*EXERCISE*. Output the entries exactly. Start at the first line, finish with the line containing "Los visitantes controlaron", and omit the pictures.

Records from a data source
───
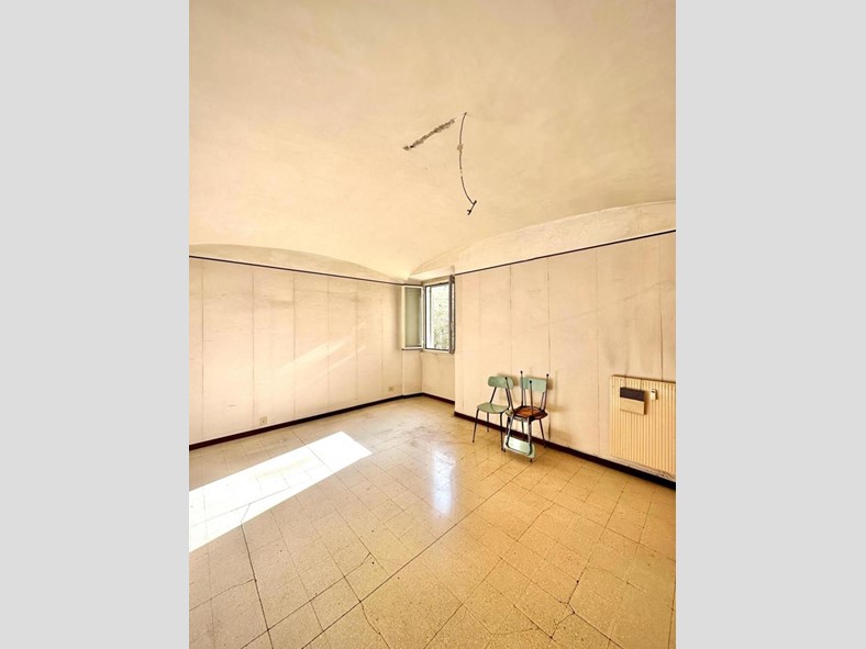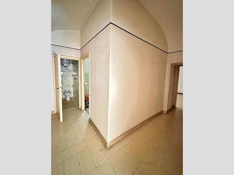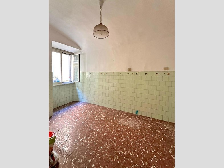 L'immobile è composto da ingresso, soggiorno singolo, cucina abitabile, due ampie camere da letto e un bagno finestrato. Presenta inoltre soffitti a volta e necessita di ristrutturazione. Dotato di impianto di riscaldamento centralizzato, l'appartamento offre comfort e praticità.
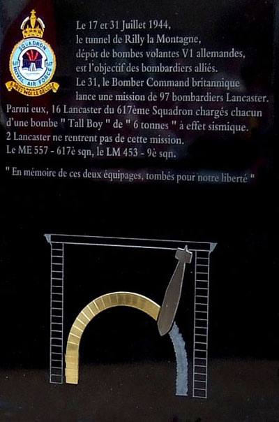 46 bombardiers Lancaster ont largué 241 tonnes de bombes sur l'entrée du tunnel, côté Rilly.
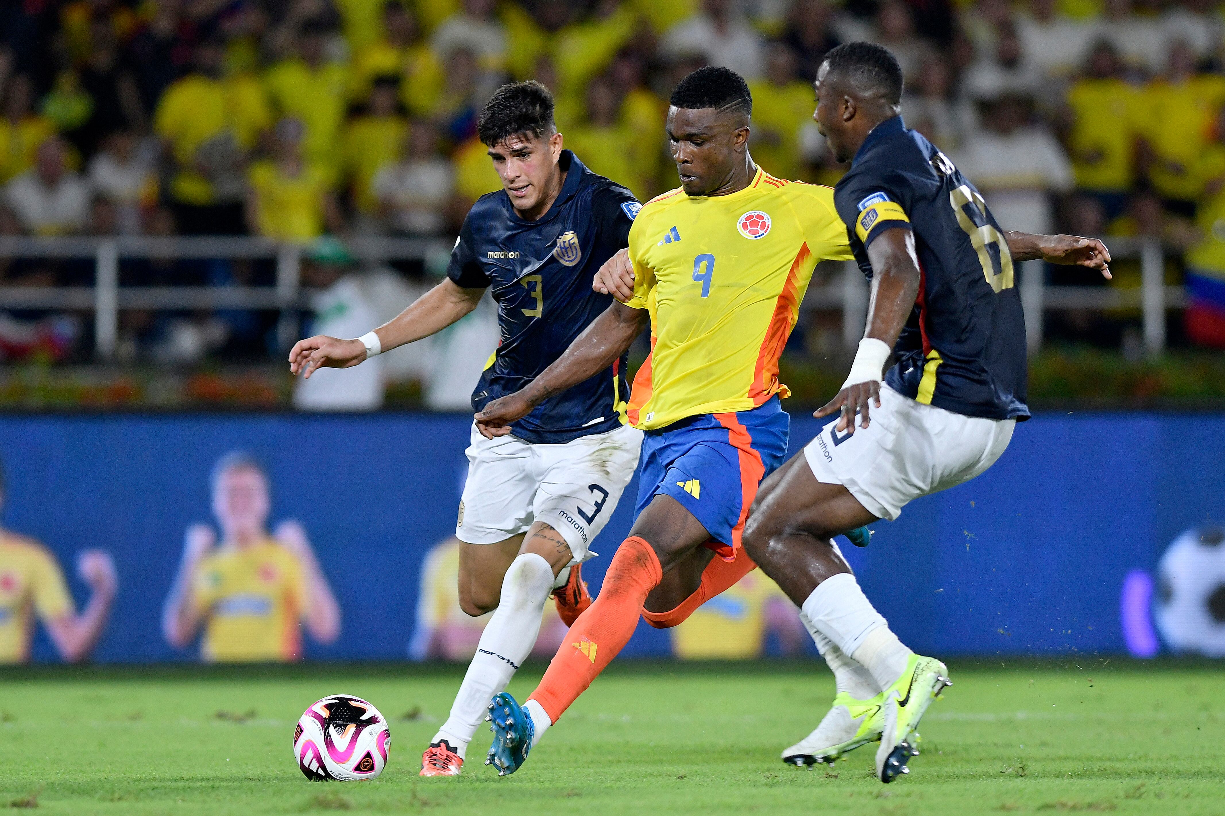 Los visitantes controlaron gran parte del primer tiempo, mientras la delantera de Colombia intentaba, hasta el minuto 34 cuando Jhon Córdoba se avivó ante un descuidado pase defensivo que incerceptó, luego eludió al arquero y cuando iba a definir, Piero Hincapié lo derribó a unos metros del área, entonces se ganó la tarjeta roja.
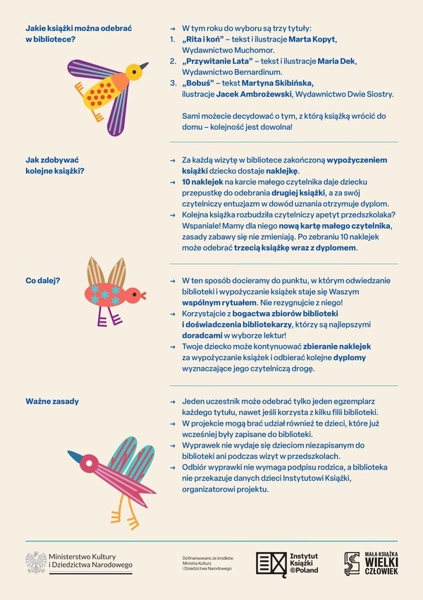 Każdemu przedszkolakowi, który odwiedzi naszą bibliotekę w towarzystwie rodzica lub opiekuna i zechce wziąć udział w akcji, wręczymy specjalną Wyprawkę Czytelniczą oraz Kartę Małego Czytelnika.
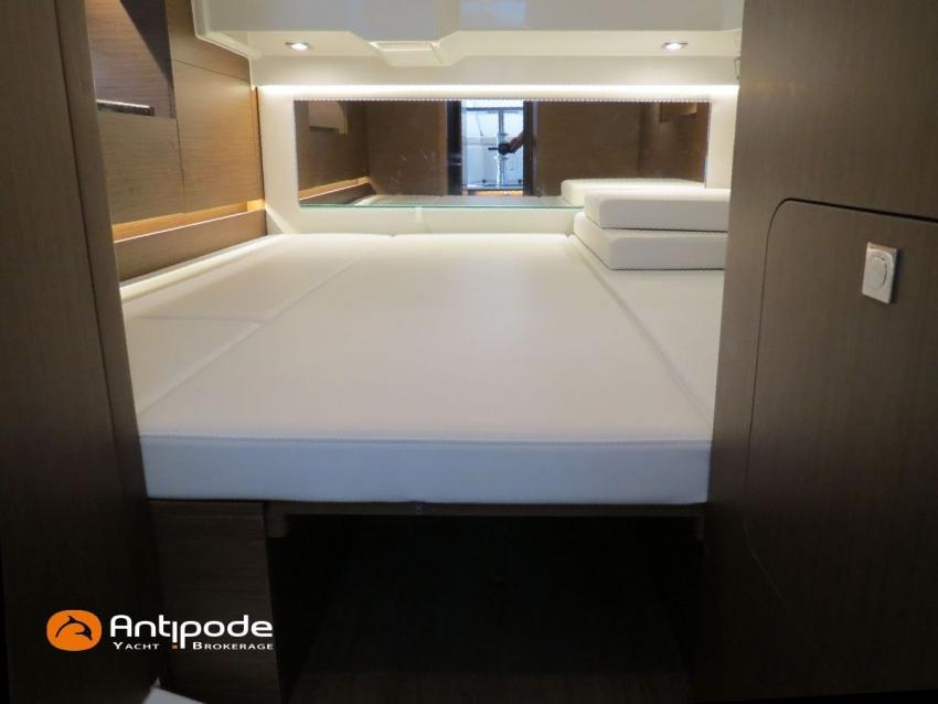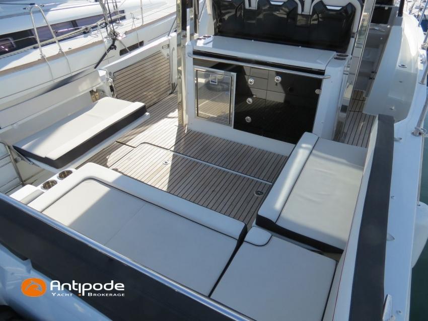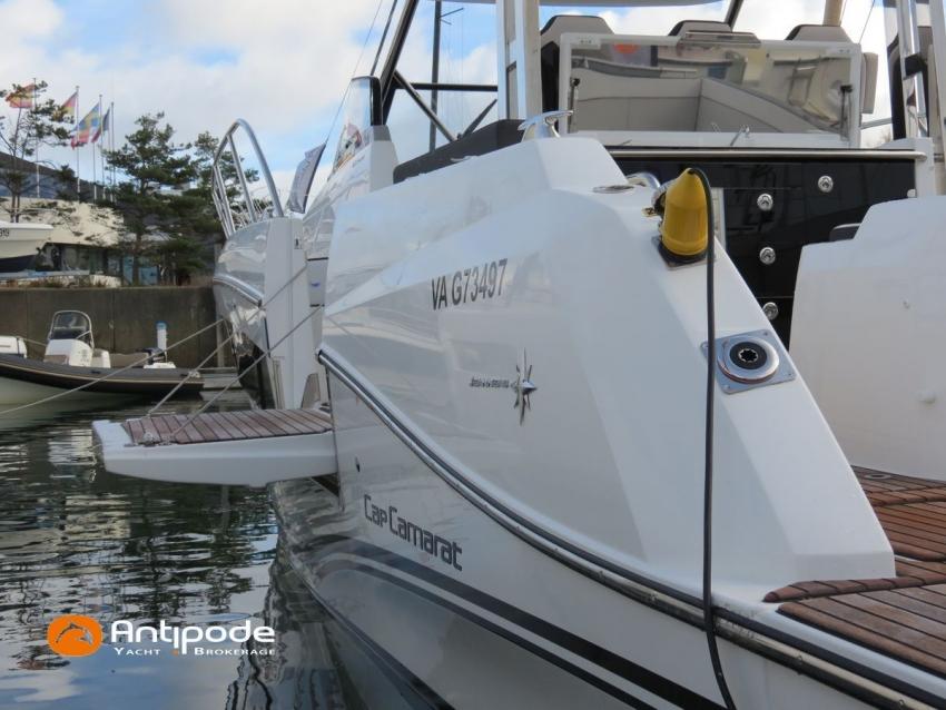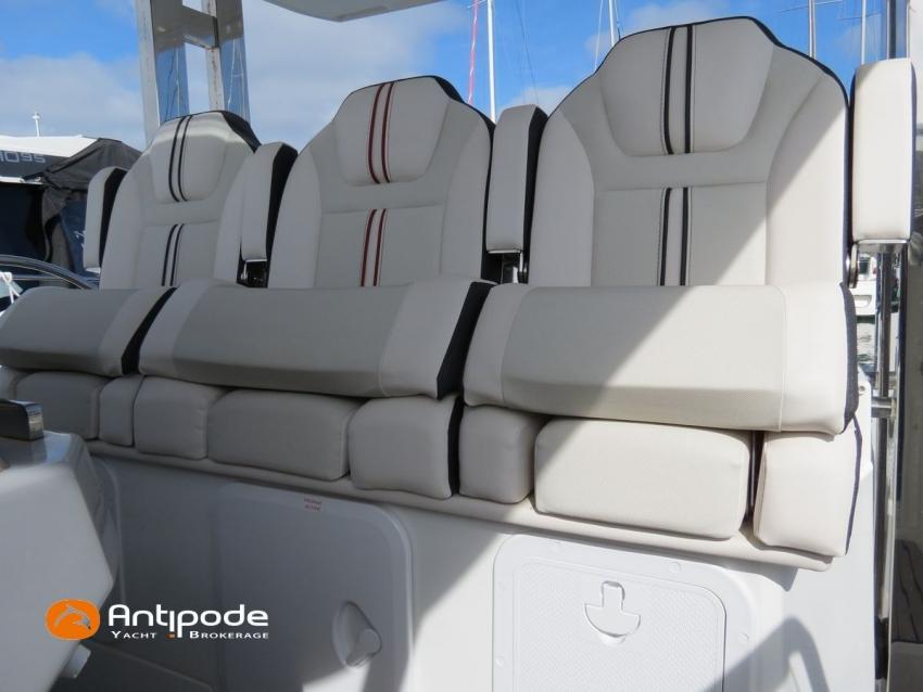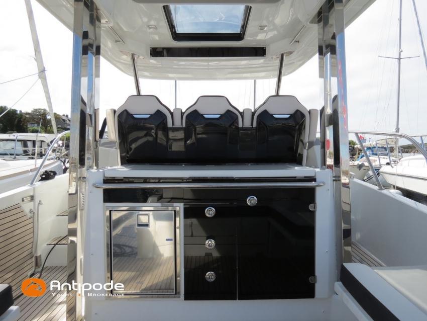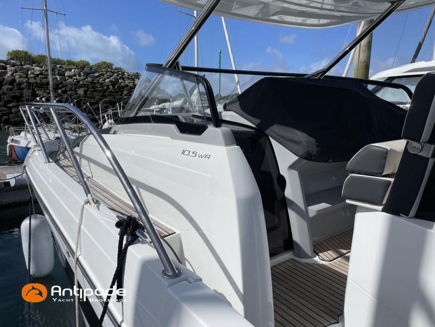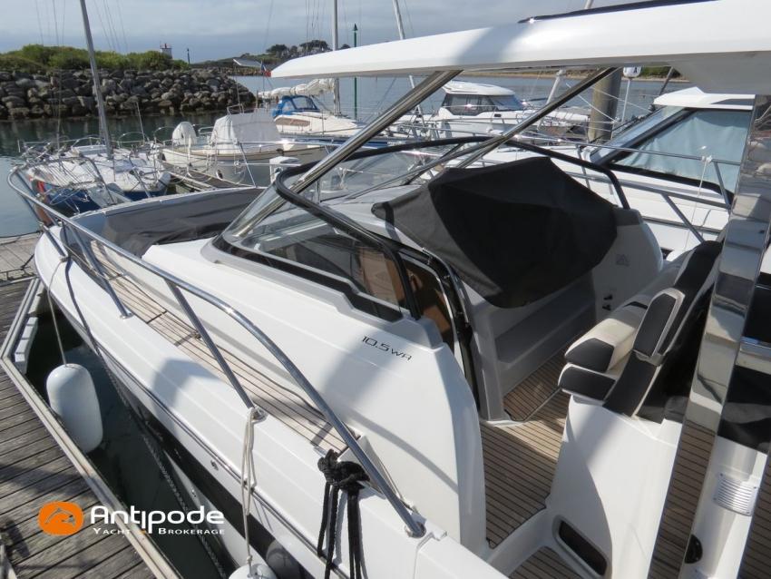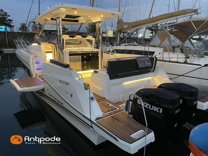 CAP CAMARAT 10.5 WA, 2024, first hand, SUZUKI DF300 AP (x2), 2x300 hp (89 hrs), Bow thruster, Version S2, door fo aft cabin, Premiere Silvertex Ice layout, PVC Marine Pure White saloon upholstery, Saloon table convertible in double bed, Mosquito screens for opening windows and hatches, Port removable seat in cockpit, Teak slatted cockpit floor, Teak bathing platforms, Cockpit T-Top, Cockpit cushions + covers, Sun bathing deck mastresses + cover, Wheel station electric windlass remote control, Side platform, Ski mast, Cockpit kitchen cover, Pupiter wheel station cover, Zipwake automatic trim tabs, GPS and chartplotter (wheel station) - Garmin GPS Map 923xsv, Electronic navigation charts, DSC VHF - Garmin VHF 100, Fridge unit 12 V (front opening door) - 80 L, 2 nd fridge unit 12 V in cockpit - 49 L, Water heater 220 V , 2 burners cooker, 1 burner cooker in cockpit, Sink / hot & cold water in cockpit, Micro wave owen, 220 V shore power + battery charger, Interior 12 & 220 sockets, Holding tank (80 liters), Electric toilets, Hot and cold cockpit shower, Leds navigation lights, Leds interior & exterior lights, Anchor + chain, Fenders and warps, Located Brittany. For more information or to make an appointment for a visit, contact : Jean-Baptiste Lemaire +33 6 10 25 00 03 - jb@antipode-yachts.com
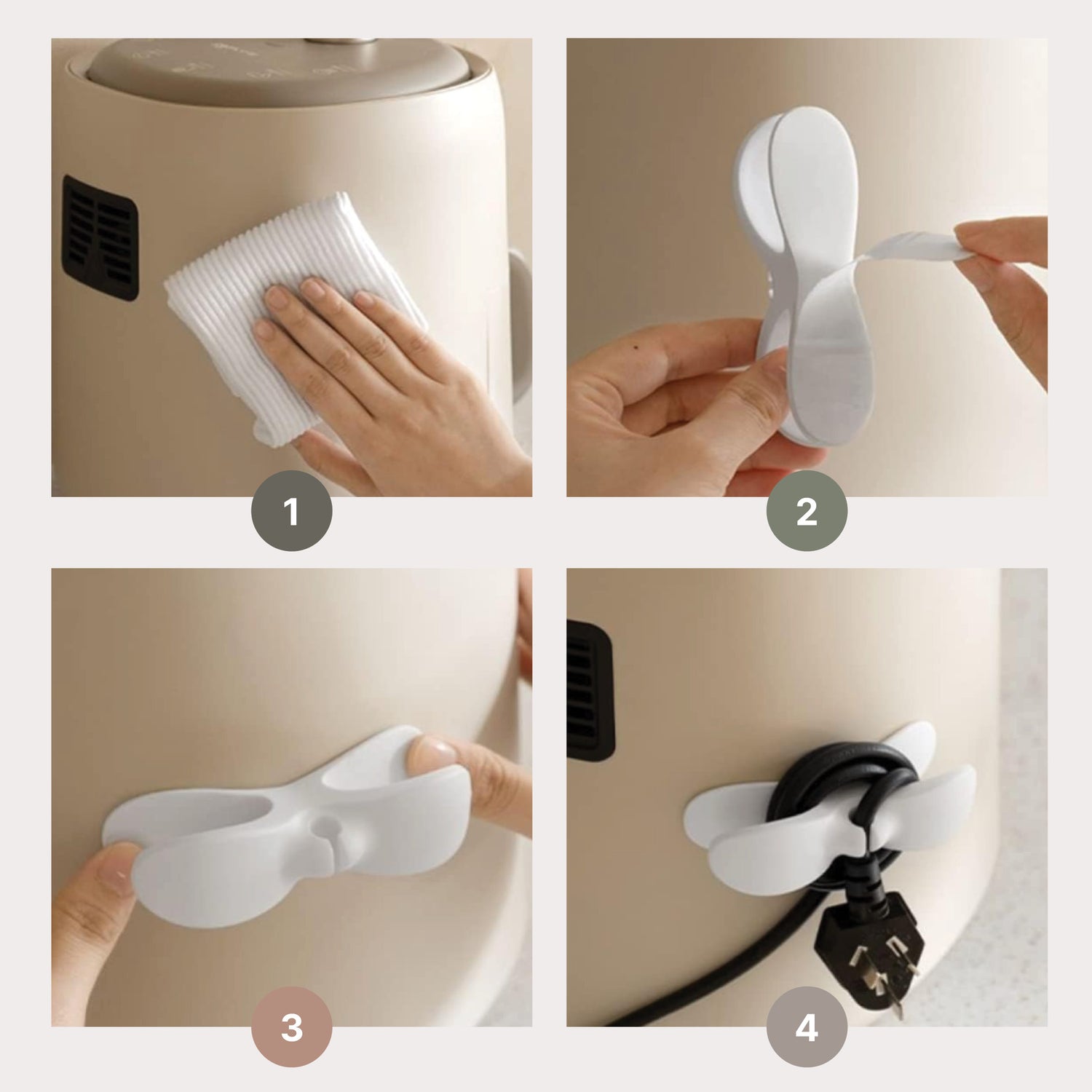 - Peel off the 3M adhesive and stick the appliance cable winder
───
*RESULT OF THE TASK*.
 L'immobile è composto da ingresso, soggiorno singolo, cucina abitabile, due ampie camere da letto e un bagno finestrato. Presenta inoltre soffitti a volta e necessita di ristrutturazione. Dotato di impianto di riscaldamento centralizzato, l'appartamento offre comfort e praticità.
 46 bombardiers Lancaster ont largué 241 tonnes de bombes sur l'entrée du tunnel, côté Rilly.
 Los visitantes controlaron gran parte del primer tiempo, mientras la delantera de Colombia intentaba, hasta el minuto 34 cuando Jhon Córdoba se avivó ante un descuidado pase defensivo que incerceptó, luego eludió al arquero y cuando iba a definir, Piero Hincapié lo derribó a unos metros del área, entonces se ganó la tarjeta roja.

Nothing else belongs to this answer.